MatColgrove · April 26, 2010, 8:38pm

Hi Jerry,

I would try compiling with “-w -Mfree -r8 -i4 -Kieee -Ktrap=fp -g” and then running the program in the debugger to see why the floating point exception occurs.

I compared the floating output between PGI and Intel, it seemed that PGI used more bits than Intel for the floating.

No, PGI is just printing on one more place. This shouldn’t have anything to do with the NaNs.
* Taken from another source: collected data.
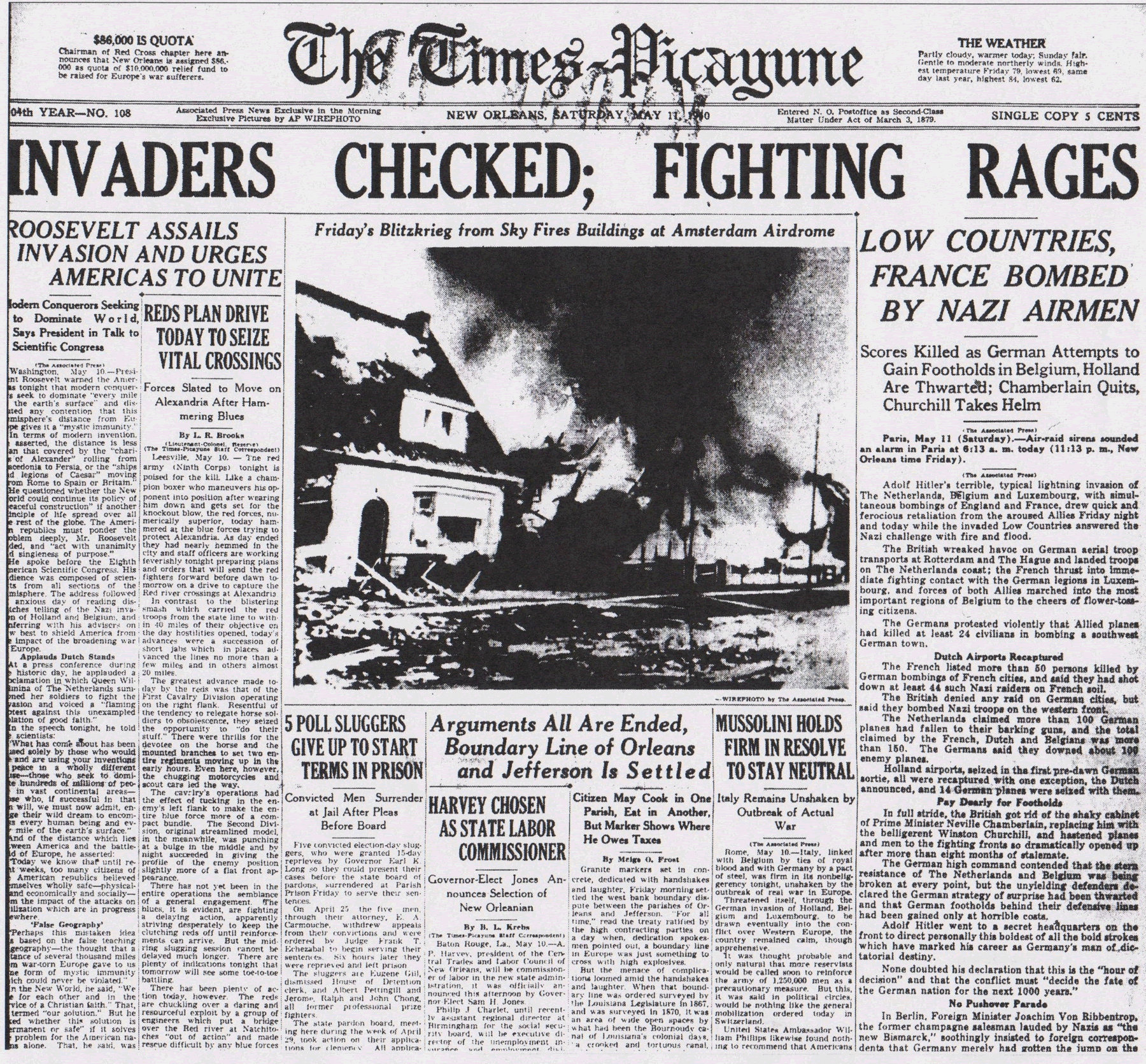 The Times-Picayune , May 11, 1940 - INVADERS CHECKED; FIGHTING RAGES, LOW COUNTRIES, FRANCE BOMBED BY NAZI AIRMEN, (AP) p. 1 (front page)
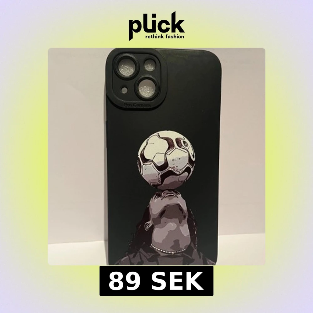 Snyggt svart mobilskal med coolt tryck av en person som balanserar en fotboll på huvudet. Skalet har en matt finish och motivet är i grå, vit och svart ton. Perfekt för dig som älskar fotboll och vill ha en unik look på mobilen.
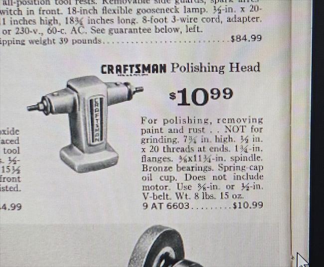 Obtained this item in early 1990's, from an estate sale of a deceased woodworking friend of mine. I have never used it. This is a Sears Craftsman, Cat. No. 9-6603 Polishing Head. As far as I could find out it was listed in Sears tool catalogs from 1959/1960 ($6.79) to 1969 ($10.99). I do not know what year in the 1960's this item was made or purchased.
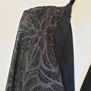 Collections Women's Black Silver Floral Semi Sheer Open Front Cardigan Jacket

I wonder whether if there an equivalent option for PGI?

-w == -w
-ftz == -Mflushz
-align all == No equivalent
-fno-alias == No equivalent
-fp-model precise == -Kieee
-r8 == -r8
-i4 == -i4

Mat

mmarc1 · May 7, 2010, 11:33am

Hi,

An interesting problem arised here, relevant to my case: the absence of -fno-alias -fno-fnalias in PGI compilers. With these options tuned off both pgf90 and ifort compilations of our program work same 44 seconds. But with -fno-alias -fno-fnalias turned on ifort shows 23 seconds. Are you sure this is no any equivalent for them? The almost 2 times performance gain makes sense.

Dima.

MatColgrove · May 7, 2010, 5:11pm

Hi Dima,

I’m assuming your code uses F90 pointers? If so, then what’s happening is the “-fno-alias” is an user assertion to the compiler that the pointers point to contiguous, non-overlapping memory and therefor safe to vectorize or parallelize. Without this assertion, the compiler must be conservative and not vectorize.
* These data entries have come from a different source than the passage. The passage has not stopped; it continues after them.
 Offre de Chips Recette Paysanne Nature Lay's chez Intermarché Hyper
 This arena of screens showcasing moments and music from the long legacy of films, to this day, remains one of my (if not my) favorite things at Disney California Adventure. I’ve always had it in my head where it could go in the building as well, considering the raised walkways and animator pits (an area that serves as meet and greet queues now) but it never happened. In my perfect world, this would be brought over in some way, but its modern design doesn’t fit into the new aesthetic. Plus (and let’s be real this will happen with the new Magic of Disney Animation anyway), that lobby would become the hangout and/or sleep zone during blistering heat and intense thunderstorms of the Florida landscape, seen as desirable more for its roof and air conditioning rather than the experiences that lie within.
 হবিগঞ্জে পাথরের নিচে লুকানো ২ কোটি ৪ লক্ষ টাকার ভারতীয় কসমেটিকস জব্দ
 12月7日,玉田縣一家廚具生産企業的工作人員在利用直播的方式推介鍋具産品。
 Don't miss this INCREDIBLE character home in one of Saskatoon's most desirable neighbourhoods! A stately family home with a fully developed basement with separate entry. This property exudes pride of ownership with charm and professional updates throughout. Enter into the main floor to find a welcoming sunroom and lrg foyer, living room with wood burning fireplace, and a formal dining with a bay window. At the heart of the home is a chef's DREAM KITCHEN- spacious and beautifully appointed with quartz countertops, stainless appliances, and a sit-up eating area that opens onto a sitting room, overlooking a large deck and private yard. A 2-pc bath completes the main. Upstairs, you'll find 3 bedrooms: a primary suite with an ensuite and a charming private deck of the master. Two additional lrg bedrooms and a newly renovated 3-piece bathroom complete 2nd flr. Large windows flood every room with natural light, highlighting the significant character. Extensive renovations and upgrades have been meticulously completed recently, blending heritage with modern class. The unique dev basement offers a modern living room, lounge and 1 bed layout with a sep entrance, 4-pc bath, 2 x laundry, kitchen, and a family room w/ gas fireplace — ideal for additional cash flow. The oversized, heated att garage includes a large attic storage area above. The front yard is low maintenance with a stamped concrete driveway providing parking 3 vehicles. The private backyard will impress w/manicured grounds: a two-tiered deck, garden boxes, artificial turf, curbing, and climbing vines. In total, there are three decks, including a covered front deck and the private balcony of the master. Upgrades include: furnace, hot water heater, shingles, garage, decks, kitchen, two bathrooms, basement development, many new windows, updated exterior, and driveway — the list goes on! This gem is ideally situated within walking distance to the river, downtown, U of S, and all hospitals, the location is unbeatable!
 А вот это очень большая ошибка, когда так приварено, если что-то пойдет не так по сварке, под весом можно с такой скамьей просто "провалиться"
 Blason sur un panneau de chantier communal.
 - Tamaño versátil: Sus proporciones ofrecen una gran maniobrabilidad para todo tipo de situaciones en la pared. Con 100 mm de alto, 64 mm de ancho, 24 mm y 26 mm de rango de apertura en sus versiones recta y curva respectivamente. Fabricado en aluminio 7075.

We are aware of this deficiency, however it’s been a fairly low priority item since we haven’t found many customers that use F90 pointers. Though, we are very customer driven so please send in a performance bug report to PGI Customer Service (trs@pgroup.com). The more user requests, the higher the priority a feature is given.

Note, you might try using IPA (-Mipa=fast). Using whole program analysis, IPA may be able to determine that your pointers are safe to vectorize. Also, if you are able, consider using allocatable arrays instead of pointers since the code will be more performance portable.

Thanks,
Mat